The pancreas of normal mice, 65 mg / kg, 200 mg / kg STZ-induced diabetic mice, mice administered with 1 μg, 50 μg, 100 μg insulin vector were isolated and fixed in 10% formalin fixed solution. Immunostaining and H / E (Hematoxylin / Eosin) staining were performed using anti-insulin Ab, anti-glucagon Ab, and anti-somatostatin Ab to analyze the presence of Langerhans island and insulin-producing β cells.

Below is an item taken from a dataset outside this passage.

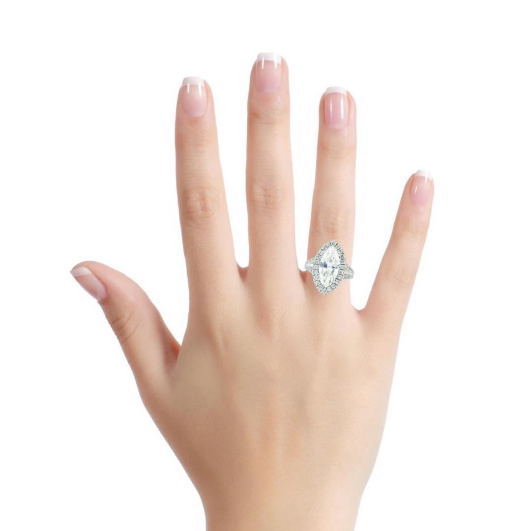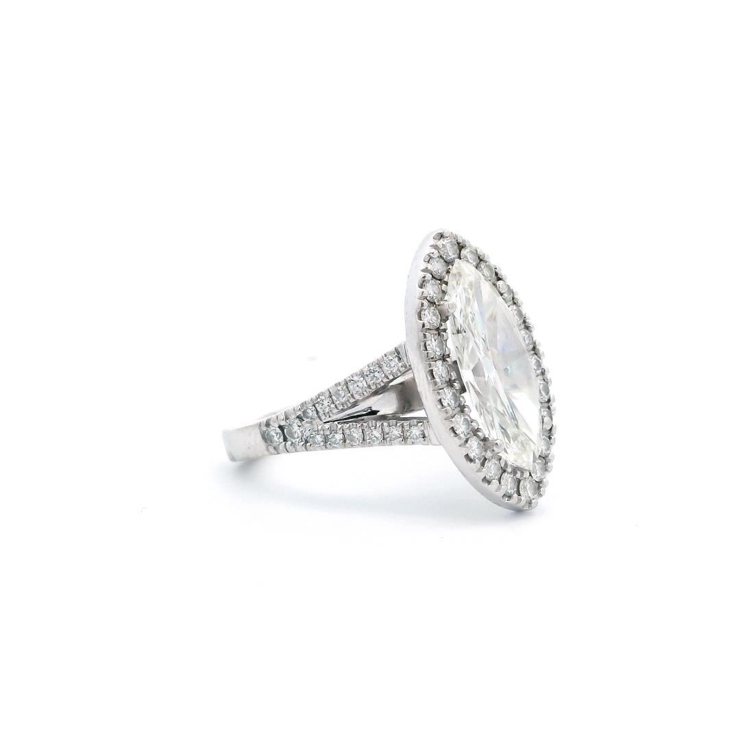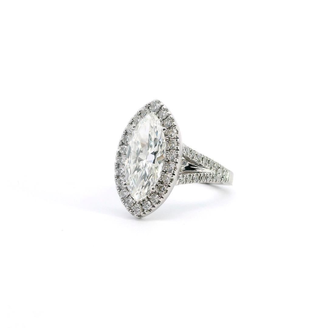 A platinum marquise halo wedding ring with a 3.02ct marquise-cut diamond of H color and SI-3 clarity. Surrounded by 0.66ct of round brilliant cut diamonds, graded VS-1 to VS-2 clarity, set in a Euro shank. The ring weighs 9.30gm and has a bright polished finish.

As a result, as shown in FIG. 9, mice whose blood glucose levels recovered normally after administration of the vector were selected, and the beta-cells producing insulin of the pancreas were observed. As a result, the number of islands of Langerhans was significantly reduced or almost absent. Had. Immunoassay was performed using anti-insulin Ab, anti-glucagon Ab, and anti-somatostatin Ab to see which of the remaining cells of α, β, and δ cells of the Langerhans island. As shown, almost β cells were absent, the site was mostly filled with α cells, and δ cells were distributed at the edges. Thus, it was concluded that insulin produced in keratin cells lowers blood glucose levels by expression of an insulin vector administered in place of pancreatic insulin cells in mice whose blood glucose levels, which were induced by STZ and returned to normal levels, returned to normal.

As described above, the recombinant insulin vector of the present invention cloned from the K14 promoter and the human insulin gene, together with the helper vector expressing the yellow Drosophila P-transferase, was subjected to the skin by liposome method and pressure injection method. As a result of administration to the tissue, the expression of the insulin vector is very useful in the pharmaceutical industry because the insulin produced from keratinocytes provides a recombinant vector for treating insulin dependent diabetes mellitus by treating the insulin dependent diabetes mellitus. It is an invention.

Claims (7)

delete delete delete A non-virus having the nucleotide sequence of SEQ ID NO: 1 constructed by PCR with an insulin gene primer (I) and a K 14 promoter primer (II) having the following nucleotide sequence and then inserting the amplified insulin gene and the K 14 promoter into pUChsneo A composition for the treatment of insulin-dependent diabetes mellitus, characterized in that a liposome is put into a sex insulin expression vector pUCK14-INS (Accession No. KCTC 0928BP) to make a mixture, and then a helper vector expressing the transferase of yellow fruit flies is added and contained as an active ingredient. . Insulin forward: 5'CCTGCCTGTCTCCCAGAGCTCTGTCCTTCT 3'5'GCAGGGCTGGTTCTAGAGCTTTATTCCATC 3 ' ---- (I) K 14 promoter forward: k 14 promoter reverse: 5'ATTGCTGAAGTTTTGATCTAGACACCTCCA 3'5'CTGAGTGAAGAGAAGGAGCTCGGGTAAATT 3 ' ---- (Ⅱ) delete A method for treating insulin-dependent diabetes in mammals other than humans, characterized in that the composition for treating insulin-dependent diabetes according to claim 4 is administered to the skin tissue by autoinjection. The method of claim 6, wherein the method for treating diabetes mellitus is characterized in that the insulin gene is specifically expressed in keratinocytes (Keratinocytes) of hepatocytes using a K14 promoter.